The attack on the computer system of the SingHealth network of public hospitals and clinics occurred between May 1 and July 4.

Personal data including names, identification numbers, addresses, gender, race and date of birth of about 1.5 million patients were stolen, the Ministry of Health said in the news release. The theft included information on outpatient medicines for 160,000 patients, including Lee, according to the ministry.

Patients' diagnosis records or test results were not compromised. 

The Cyber Security Agency of Singapore confirmed that it was a "deliberate, targeted and well-planned" cyberattack not done by "casual hackers or criminal gangs." The attack is "believed to be state-sponsored," Singapore-based media reported.

The initial breach was made on a front-end workstation, the agency's investigation found.

"Health care data has grown its value such that hackers are now willing to go the extra mile to obtain it," said Olli Jarva, managing consultant at security software developer Synopsys. Jarva said such data has "outgrown the value of credit card or social security numbers."

The Ministry of Communications and Information said in a statement that "the government will take immediate action to strengthen our IT systems against similar cybersecurity attacks."

As part of the Smart Nation campaign, Singapore has been championing digital technology in government services, including health records and hospital operations, to improve efficiency of public sector.

At the same time, the government has stepped up its defense against cybercrimes in recent years, creating the Cyber Security Agency in 2015. The city state hosts the Interpol Global Complex for Innovation, a research and development center for fighting cybercrime.

Lee, who became prime minister in 2004, has said publicly he intends to retire after the next general election, to be held by 2021.

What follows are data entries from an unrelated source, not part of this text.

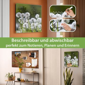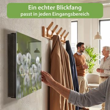 Bringe Ordnung und Eleganz in deinen Eingangsbereich mit dem banjado Schlüsselkasten Motiv Motiv Pusteblumenwiese. Die moderne Schlüsselbox kombiniert funktionales Design mit hochwertiger Verarbeitung und wird so zu einem echten Hingucker in Flur, Büro oder Ferienwohnung. ✅ Stilvolle Schlüsselaufbewahrung mit Glasfront im Motiv Motiv Pusteblumenwiese Der Design-Schlüsselkasten Motiv Motiv Pusteblumenwiese bietet Platz für bis zu 50 Schlüssel, die auf 5 stabilen Reihen mit je 10 Haken übersichtlich verstaut werden. Mit seinen kompakten Maßen von 30 x 30 x 5 cm passt die Schlüsselbox perfekt auch in kleinere Räume. Der schwarz lackierte Stahlkorpus mit rechts angeschlagenem Türscharnier harmoniert mit der Glasfront und fügt sich nahtlos in jedes Wohnambiente ein. Ob als Schlüsselorganizer für Zuhause oder als praktische Lösung für Büros, Praxen und Gewerbe, der banjado Schlüsselkasten sorgt für Ordnung und Übersicht. Dank der magnetischen, mit Kreidestiften beschreibbaren Glasfront kannst du Notizen anheften oder Termine direkt auf der Oberfläche festhalten. Die Schlüsselbox Motiv Motiv Pusteblumenwiese zur Wandmontage wird inklusive Befestigungsmaterial geliefert und ist schnell angebracht. So hast du deine Schlüssel jederzeit griffbereit und zugleich stilvoll verstaut. Mit diesem banjado Schlüsselkasten Motiv Motiv Pusteblumenwiese kombinierst du praktische Aufbewahrung mit stilvollem Wohndesign. Ob privat oder geschäftlich, die Schlüsselbox sorgt für mehr Ordnung, Übersicht und ein wohnliches Ambiente.Vorteile im Überblick
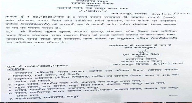 रायपुर(बीएनएस)। राज्य शासन द्वारा भारतीय प्रशासनिक सेवा के दो अधिकारियों के प्रभार में परिवर्तन किया गया है। सामान्य प्रशासन विभाग द्वारा आज मंत्रालय से जारी आदेश के अनुसार पी. दयानंद प्रबंध संचालक समग्र शिक्षा तथा अतिरिक्त प्रभार संचालक राज्य शैक्षिक एवं अनुसंधान परिषद (एससीईआरटी) को संचालक समाज कल्याण के पद पर पदस्थ किया गया है। इसी तरह जितेन्द्र कुमार शुक्ला संचालक लोक शिक्षण तथा अतिरिक्त प्रभार मिशन संचालक, राज्य साक्षरता मिशन को उनके वर्तमान कर्तव्यों के साथ-साथ प्रबंध संचालक समग्र शिक्षा तथा संचालक राज्य शैक्षिक एवं अनुसंधान परिषद (एससीईआरटी) का अतिरिक्त प्रभार सौंपा गया है।
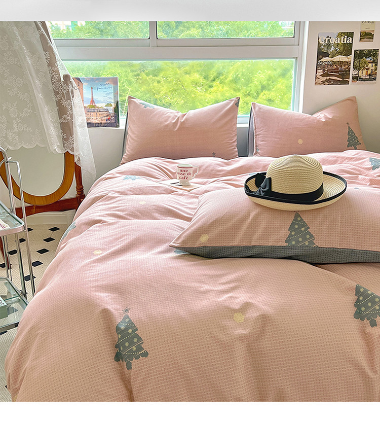(总)田野 2025新款全棉水洗棉提花四件套,花田,花颜,帽子狗,蘑菇,飘带,泰迪狗,小树林-咖,小象,小雨点,樱桃-绿

The ruling People's Action Party has been accelerating its selection of a successor to Lee, son of Singapore's first prime minister Lee Kuan Yew, but no single candidate has emerged. Concerns about the health of the two-time cancer survivor rose in August 2016, when he was taken ill during a televised annual policy speech. He returned to the stage shortly after to finish the speech.

"I don't know what the attackers were hoping to find," the 66-year-old prime minister wrote in his Facebook post on Friday.

"Perhaps they were hunting for some dark state secret, or at least something to embarrass me. If so, they would have been disappointed. My medication data is not something I would ordinarily tell people about, but there is nothing alarming in it."